There were around 26 women packed into my house (lucky we have moved to a bigger house) and they got to sample at least nine different sweet treats while they perused the Tupperware catalogue.
I think that Sami made the prettiest and tastiest treats. Out of the five desserts that I created my favourite was the Chocolate and Hazelnut Torte.
Here is the recipe if you want to give it a try for yourself. It is surprisingly easy. It is just getting the meringue right which can sometime be a bit tricky.
Chocolate and Hazelnut Torte
6 egg whites
pinch of salt
1 1/2 cups caster sugar
300g hazelnuts, chopped
300g dark chocolate
250ml thickened cream
2 tbs icing sugar
100g of dark chocolate
80ml of thickened cream
1. Preheat oven to 160 degrees.
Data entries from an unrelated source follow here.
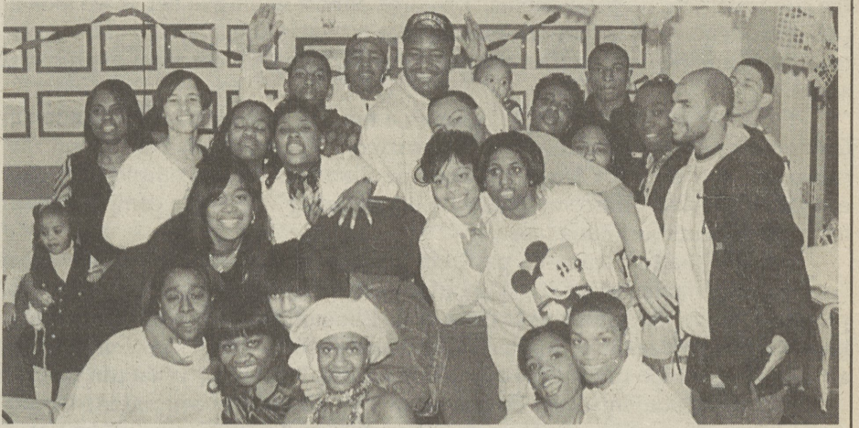
The African-American Food Fest, sponsored by the Black Student League, was full of food, fashion and fun; a complete celebration of African/African-American culture.
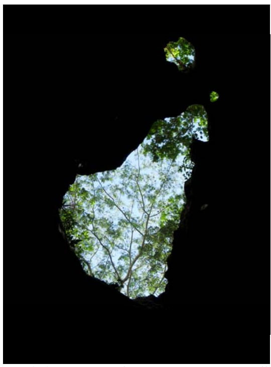
View through the roof of Cenote Samulá [at Dzitnup, near to Valladolid, Yucatan]

This report summarises a four night, self-guided tour of northern and eastern Yucatan peninsula with Emma, criss-crossing back and forth between Quintana Roo and Yucatan States. We covered 1400+ km on the excellent and largely very quiet roads, dined on spectacular regional and international food in Mérida and Tulum, swam in the lovely Caribbean waters at Tulum and in three distinctly different fresh water cenotes, visited five hugely impressive Mayan archaeological sites (also the venues for the majority of my birding), and enjoyed a taster of lowland forests on the northern tip of the Sian Ka'an Biosphere Reserve. A plus of visiting outside the winter high season was the lack of crowds at the Mayan sites (few visitors at Uxmal, Kabáh, and Dzibilchaltún, no one other than the caretaker at Muyil when it opened!) – with the notable exception of Tulum, which was heaving with thousands of visitors by the time we arrived mid-morning.
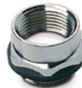
Supplied standard with all hoods and bases. Special sizes/hood combinations available.

Using a pencil, draw a circle around a bread plate on three sheets of baking paper and grease each sheet. Turn the paper pencil side down on a tray. This circle is your guide for spreading the meringue mixture.
2. To make the meringue, place egg whites, salt and a few spoonfuls of sugar into the bowl of electric mixer. Whisk until soft peaks appear. Reduce speed to medium and a the rest of the sugar one spoonful at a time. Then increase speed to high again for 5 mins until you have a lovely glossy and thick meringue.
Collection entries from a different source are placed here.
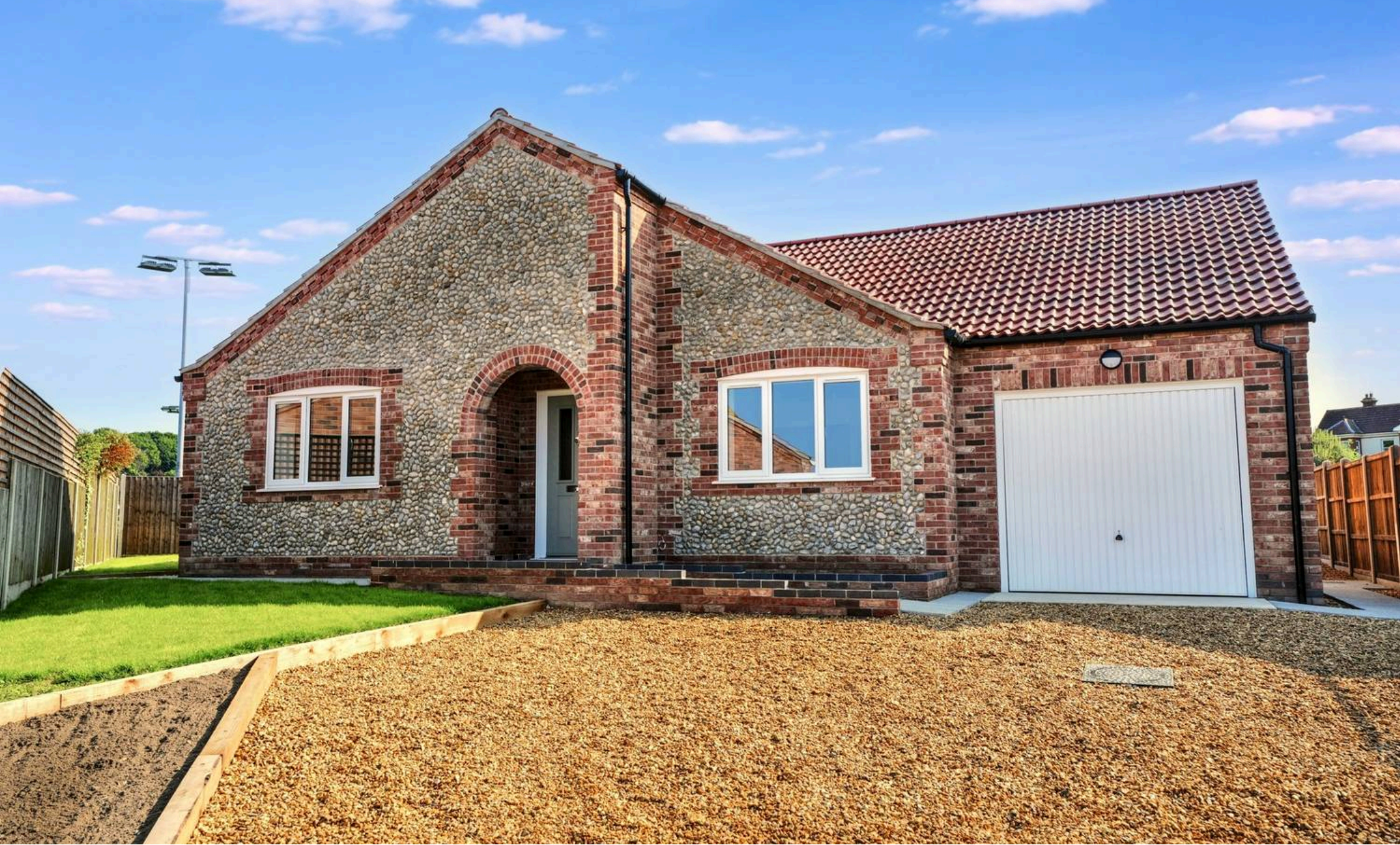
New Build, Cromwell Close, Cromer £625,000
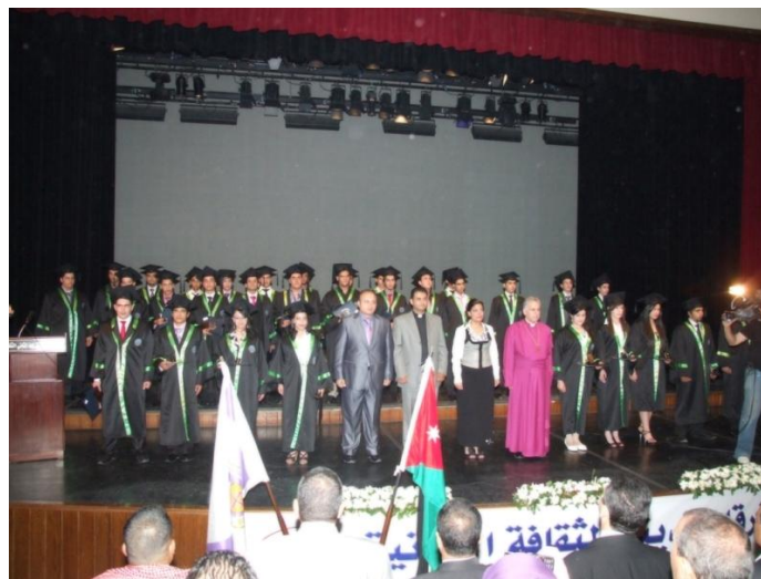
Saviour School, Zarka - Graduation
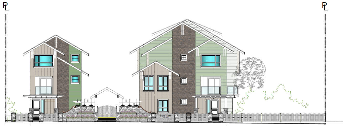
STREET ELEVATION - ALONG MT. SEYMOUR PKWY
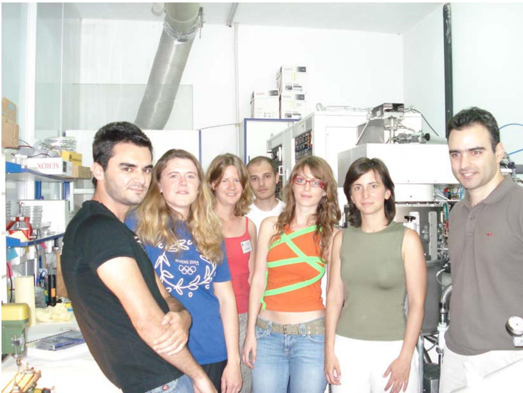
During the lab : Fabrication of plastic microfluidic devices by lithography and deep polymer plasma etching techniques.
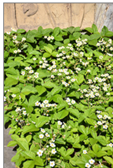
Common Wild Strawberry in bloom

Common Wild Strawberry features dainty white cup-shaped flowers with yellow eyes along the stems from late spring to early summer. Its attractive tomentose round compound leaves remain green in color throughout the season. It features an abundance of magnificent cherry red berries from late spring to late summer.

3.Chop the chocolate and the hazelnuts and mix into the meringue mixture. Spread a third of the mixture evenly onto each of the baking paper circles (on a tray). Bake for 45 minutes or until firm and lightly golden. Leave to cool on the trays.
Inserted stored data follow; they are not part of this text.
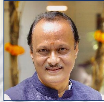
Hon. Shri. Ajit Pawar Dy. Chief Minister, Maharashtra State
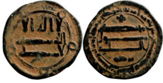
1188 Islamic coin 18mm 1,75g
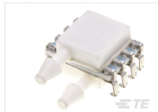
TE Part #4525-DS3A001DP 1PSI DP PRESSURE SENSOR 10% TO 90%
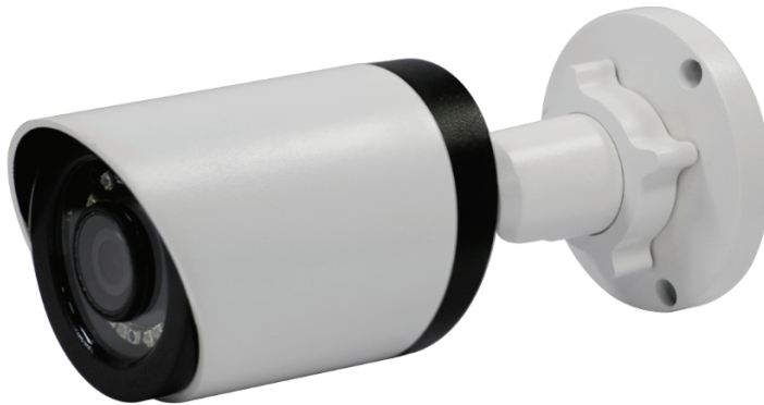
SHDVC36FB(W/G) 4 MEGAPIXEL BULLET CCTV CAMERA
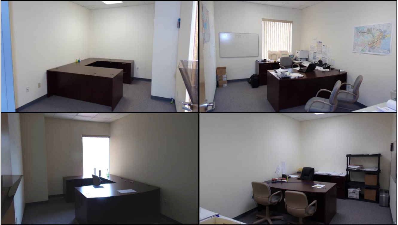
Figure 8 – Offices
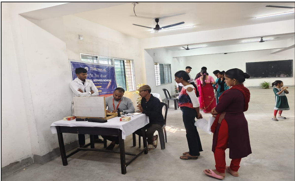
Fig 2. Eye check up and advice by the examiner
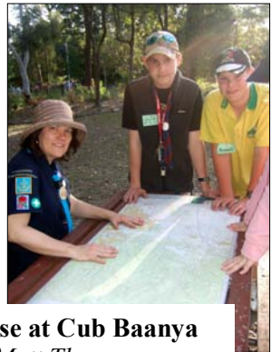
Map and Compass Base at Cub Baanya
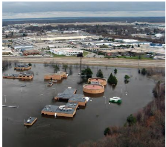
Flooding in 2010 closed the Warwick Sewer Authority treatment facility and discharged large volumes of untreated sewage into the Pawtuxet River.

Sea level rise, warming air and water and increased storminess have distinct and multiple consequences depending upon which facet of society, environment, and economy one looks at. The Commission has identified four major risk categories as top concerns for Rhode Island: 1) wastewater infrastructure vulnerability due to projected sea-level rise, increased severity of storm events, and increased precipitation and flooding; 2) impacts upon our drinking water supplies due to seal-level rise, storm surges and increased inland flooding; 3) energy infrastructure vulnerability resulting in prolonged loss of power and hazards resulting from downed lines; 4) public health and safety risks to coastal populations due to flooding and storm surges, and public health and safety risks to urban populations due to heat waves and flooding.

|Best not to use the very bottom of the oven...|
|because this can happen..but nothing that some scraping couldn't save|
4. Make the filling by beating the thickened cream and mascarpone until soft peaks form (make sure they are there or this will happen). Sift in the icing sugar and beat again until it is smooth and has stiff peaks.
|Filling fail on the right :(|
5. When you are ready to assemble, make the glaze by combining the chocolate, cream and butter in a pyrex bowl over simmering water. Stir until melted and combined then remove and cool slightly.
6. To assemble, place one meringue layer on a serving plate, spread half the filling, then place your second meringue layer on the top , then the remaining filling and top with your prettiest meringue layer. Finally drizzle with glaze and enjoy!
What have you been cooking this week?